Unlike in 2015, when congressional Republicans voted unanimously against the deal, a large part of the Republican coalition now seems to favor diplomacy. Conservative media personalities such as Steve Bannon, Tucker Carlson, and Charlie Kirk have been loudly warning against the threat of war.
"Didn't we learn our lesson when we went to war in Iraq and killed Saddam Hussein because of 'weapons of mass destruction?' Did we ever find any?" asked Rep. Marjorie Taylor Greene (R–Ga.) in a long screed on X last month.
On the other hand, some Democrats have taken up a strategy of trying to out-hawk Trump on foreign policy. During the 2024 election, Kamala Harris' campaign attacked Trump for failing to "respond" hard enough to Iran during his first term and criticizing economic sanctions. During the confirmation hearing for Undersecretary of Defense Elbridge Colby in March, several Democrats joined Sen. Tom Cotton (R–Ark.) in attacking Trump's diplomatic "capitulations."
Another wrinkle is that Iran's archenemy, Israel, has reportedly prepared to attack the Iranian nuclear program no matter what the U.S. does. The Iranian government has said that it would consider the U.S. a "participant" in any Israeli attack and respond accordingly. Trump publicly warned Israeli Prime Minister Benjamin Netanyahu not to attack Iran "because we're very close to a solution."

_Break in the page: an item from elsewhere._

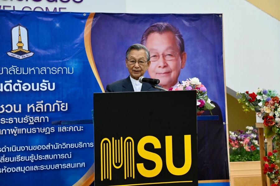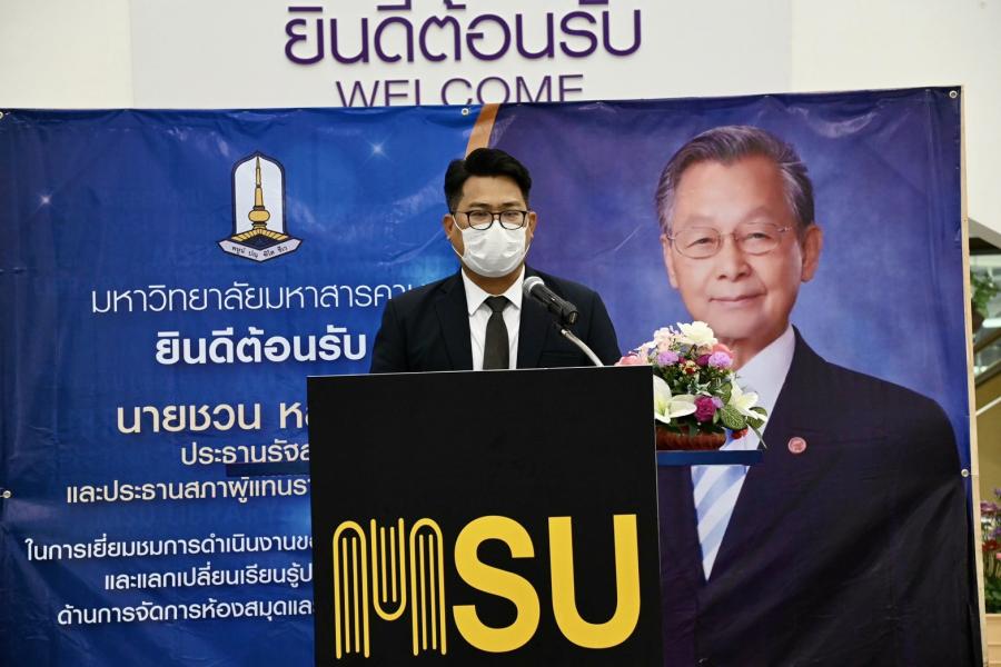 ประธานรัฐสภา เยี่ยมชมการดำเนินงานของสำนักวิทยบริการ มหาวิทยาลัยมหาสารคาม ตามคำเชิญของ รองอธิการบดีฝ่ายบริหารและพัฒนาศักยภาพองค์กร ปฏิบัติราชการแทนอธิการบดีมหาวิทยาลัยมหาสารคาม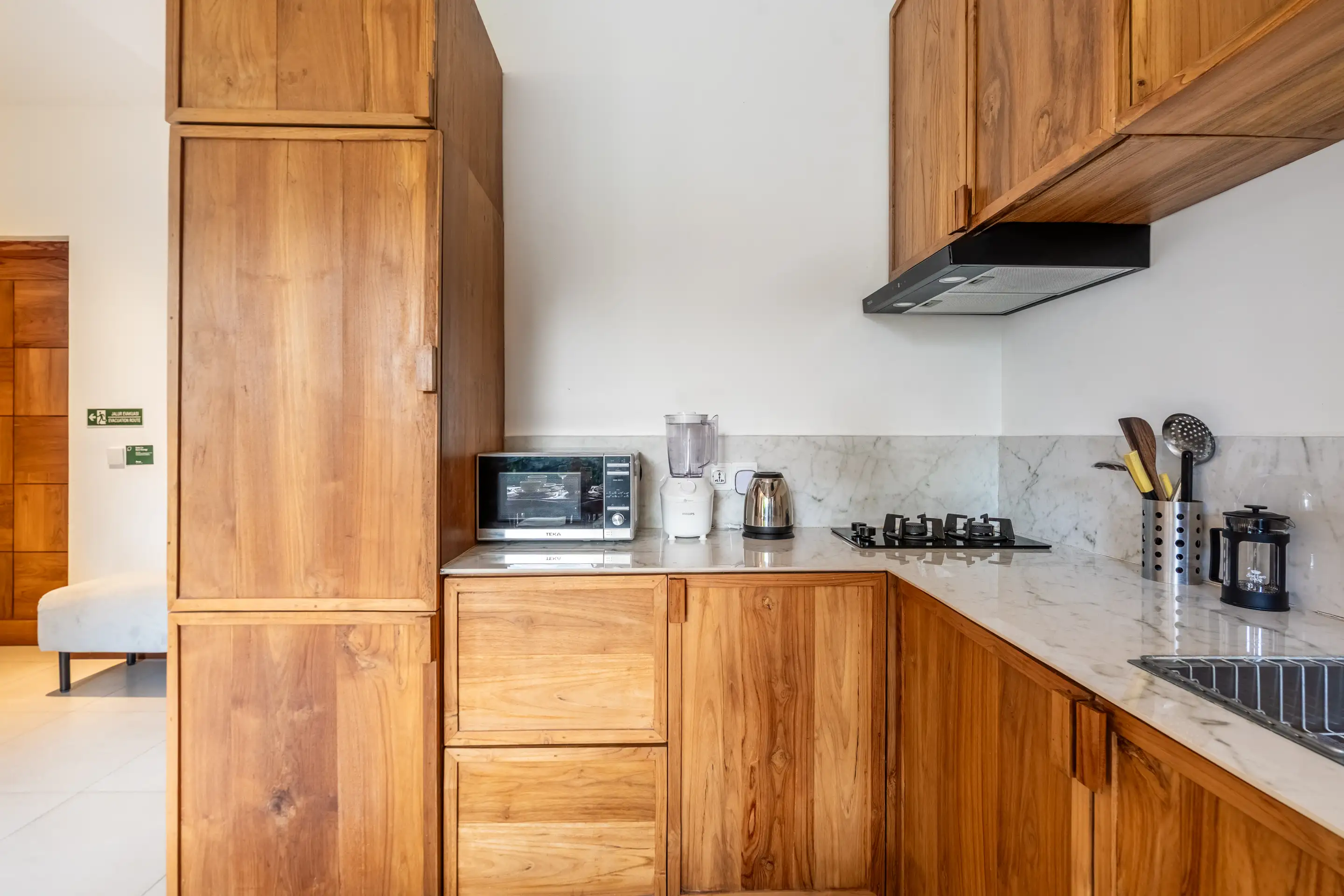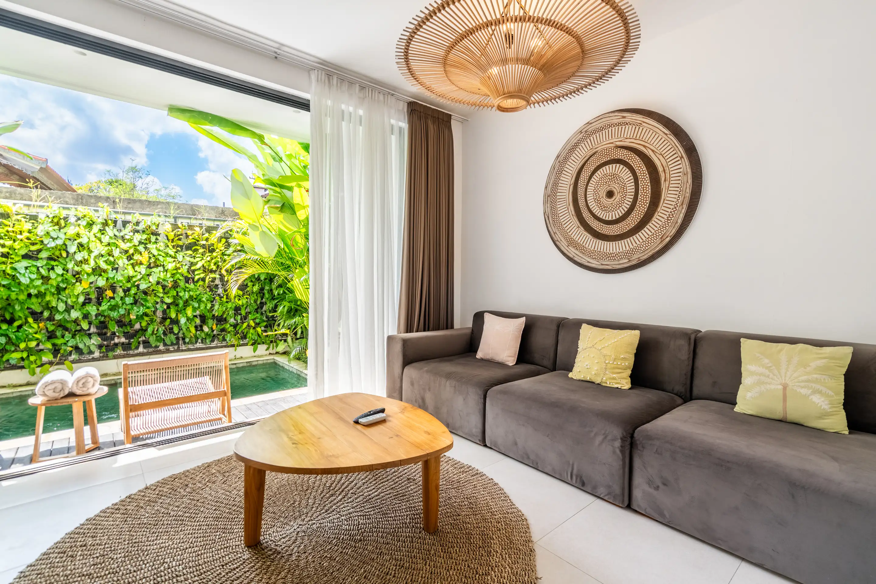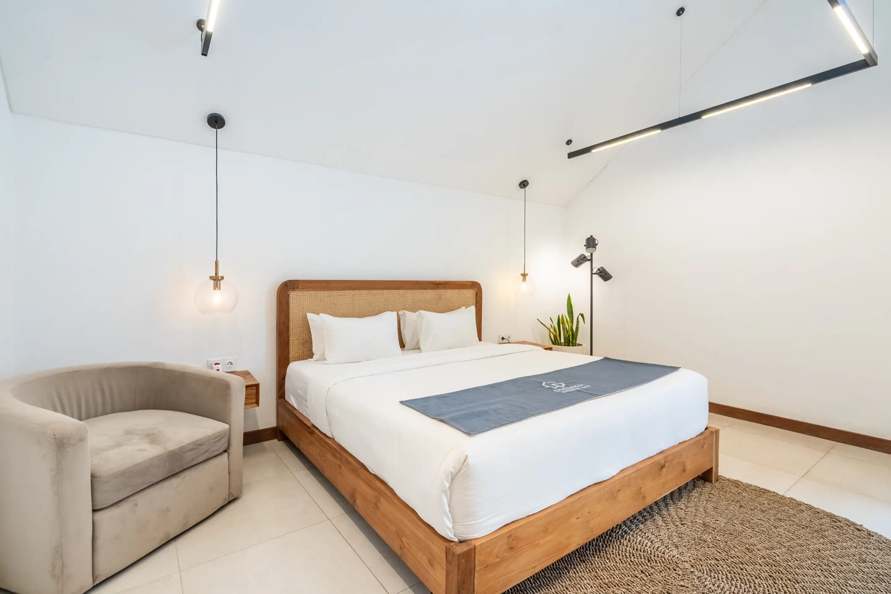 At the heart of the home is a large kitchen, equipped with everything needed for culinary exploration and entertaining. The open-plan design encourages a flow of natural light, enhancing the modern aesthetics and sophisticated finishes throughout. The private pool is a centerpiece, promising secluded relaxation and leisure in the sun. Surrounded by minimalist landscaping, it provides a tranquil retreat from the bustling surroundings. Location is paramount, and this villa stands unmatched in Umalas. Situated only 2 minutes from the vibrant restaurants and nightlife of Canggu, yet nestled in a quiet enclave, residents enjoy the best of both worlds. The beach is a mere 7-minute drive away, offering sun, sea, and sand at your convenience.

Attacking Trump's diplomacy makes sense for Schumer from both perspectives. On one hand, he's portraying Democrats as the tougher party on national security. On the other, he's shoring up his pro-Israel credentials. ("My job is to keep the left pro-Israel," Schumer told The New York Times earlier this year.) Yet he's swimming against the tide of his own base—and overwhelming public opinion—to do so.
Harris' former foreign policy adviser, Phil Gordon, had a slightly different view on how Democrats should approach the issue: "We should focus our outrage on the many genuinely outrageous aspects of Trump's foreign policy, and if he happens to get a nuclear deal that is in our interest we should support it."